Copy, word for word, the lines below from the one containing "Deze universele bagageriemen" up to and including the one containing "ブラウス シャツ ドットバルーンスリーブブラウス", with pictures left out.
*** The records ***
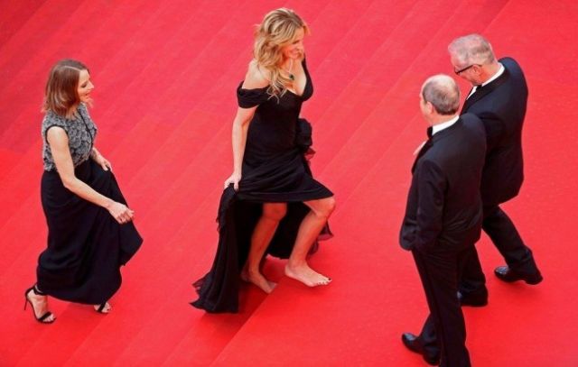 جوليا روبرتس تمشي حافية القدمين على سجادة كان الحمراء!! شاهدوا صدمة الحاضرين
*** End of The records ***
*** The records ***
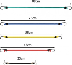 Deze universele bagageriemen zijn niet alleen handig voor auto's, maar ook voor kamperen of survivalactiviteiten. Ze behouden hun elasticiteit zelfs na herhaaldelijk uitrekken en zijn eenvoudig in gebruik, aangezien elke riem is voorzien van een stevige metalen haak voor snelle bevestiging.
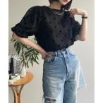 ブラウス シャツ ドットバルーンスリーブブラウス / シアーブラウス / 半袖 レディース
*** End of The records ***
*** The records ***
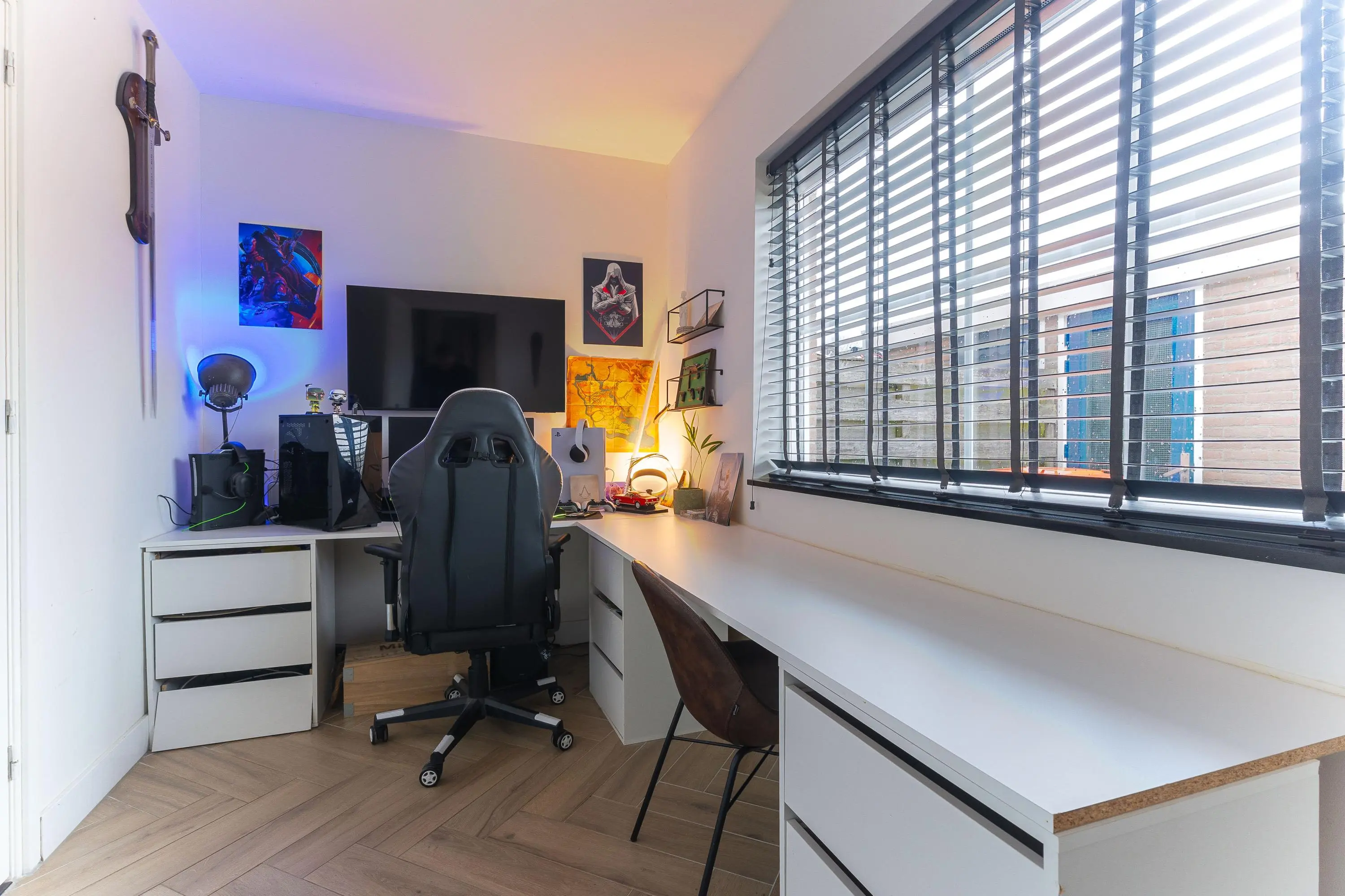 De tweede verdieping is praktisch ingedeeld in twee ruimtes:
*** End of The records ***
* _Answer space_
 Deze universele bagageriemen zijn niet alleen handig voor auto's, maar ook voor kamperen of survivalactiviteiten. Ze behouden hun elasticiteit zelfs na herhaaldelijk uitrekken en zijn eenvoudig in gebruik, aangezien elke riem is voorzien van een stevige metalen haak voor snelle bevestiging.
 ブラウス シャツ ドットバルーンスリーブブラウス / シアーブラウス / 半袖 レディース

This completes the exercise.